Session Report 1.9.08: Diplomacy

Patrick, Michael, Mikey, Franco, Tom and I spent the lion's share of our Labor Day playing Michael's copy of Diplomacy. It's only in the last couple of years that I've become really enthusiastic about board games, and so there are quite a few classic games, Diplomacy included, that I've never had a chance to play. Having finished a game, I can easily say that it's an excellent design, and I enjoyed playing it a great deal - though not without a few caveats.

Within the first two or three turns, the game's appeal had become clear. I realize that this is a kind of strange comparison, but the tone of the game almost reminded me of something like Werewolf or Mafia, in that a very light rule set provides the framework for some very rich social interaction. Naturally, that means that the quality of one's game depends even more than usual on the other players. Luckily, we all seemed to be enjoying ourselves a great deal, and more than willing to throw ourselves into the game.
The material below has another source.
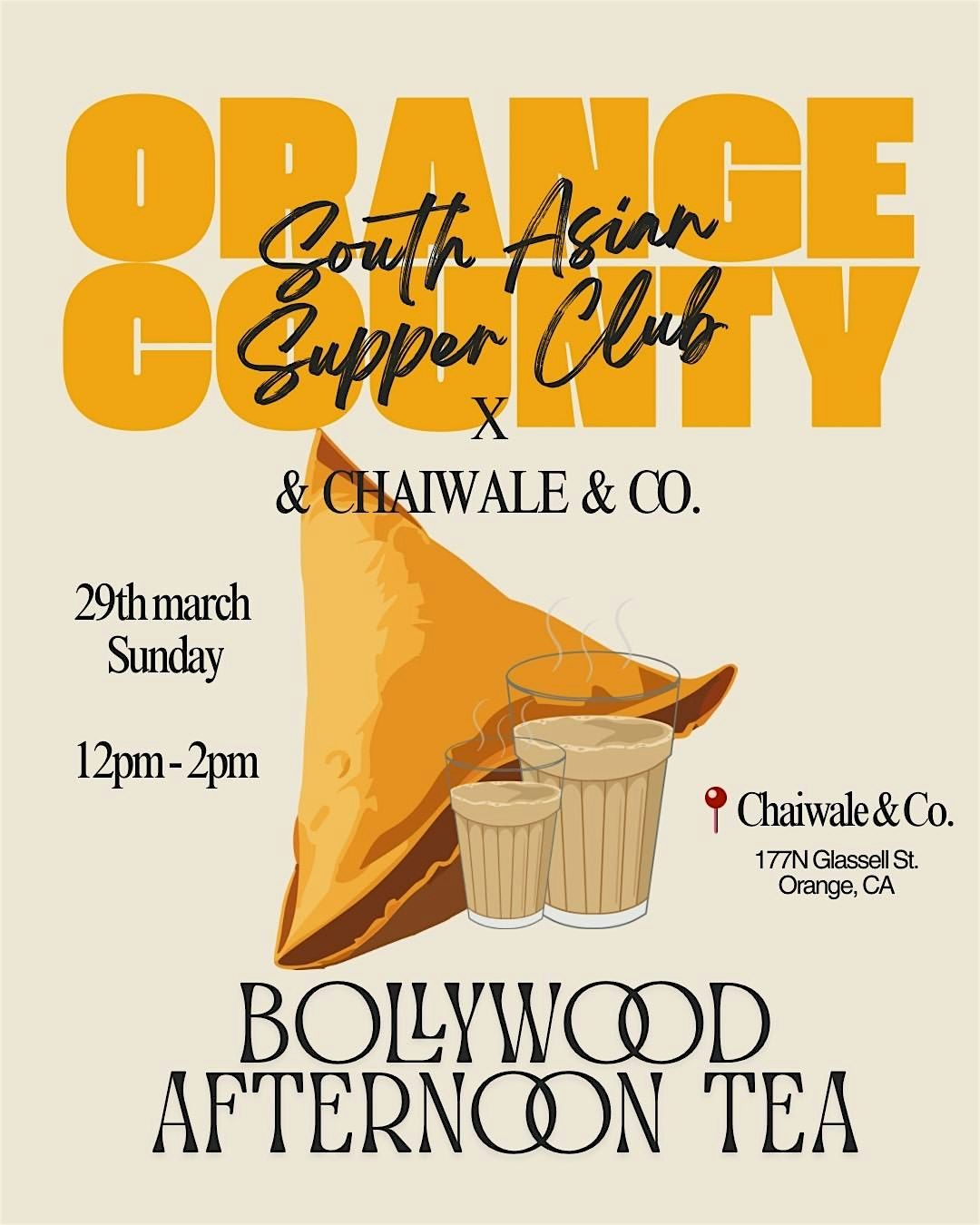 Grab your fascinator and your Sunday Best and join us for a delightful afternoon filled with the vibrant flavors and classic music of Bollywood at our event located at 177 N Glassell St. Orange, CA. Indulge in a unique experience of traditional Indian chai paired with delectable treats. Don't miss out on our new series of events every Sunday.

Well, most of us seemed to be enjoying ourselves. Patrick was put into a pretty tough position early on, and eliminated from the game about halfway through. That might not have been much of a problem in a shorter game, but this meant that he spent hours sitting out while the rest of us finished playing. Of course, Diplomacy is from a time when player elimination was par for the course, and Michael later said that usually more than one player will be eliminated, so that at least no one would be killing time alone. Still, even the possibility that a player could be shut out for so long is pretty big shortcoming for me these days.

Mechanically, of course, Diplomacy is the progenitor of a lot of what we enjoyed about A Game of Thrones - particularly in its emphasis on negotiation and its secret and simultaneous issuing of orders. I don't know if it was the lack of other rules, or the formal negotiation phase, or perhaps the significantly longer playtime, but I felt like Diplomacy was a lot more conducive than AGoT in creating those meta-interactions. Our game lasted about six hours, which is a lot longer than I can generally play a single game and about an hour longer than I would've liked, but there's definitely something to be said for seeing one's plans slowly unfold over such a long period.

Overall, I thought Diplomacy was great. It more than deserves its classic status. At the same time, the anachronisms of its design and the fact that it's such a time investment mean that I can't really see playing it all that often. When I do have a chance to play, though, I don't doubt that I'll enjoy it immensely.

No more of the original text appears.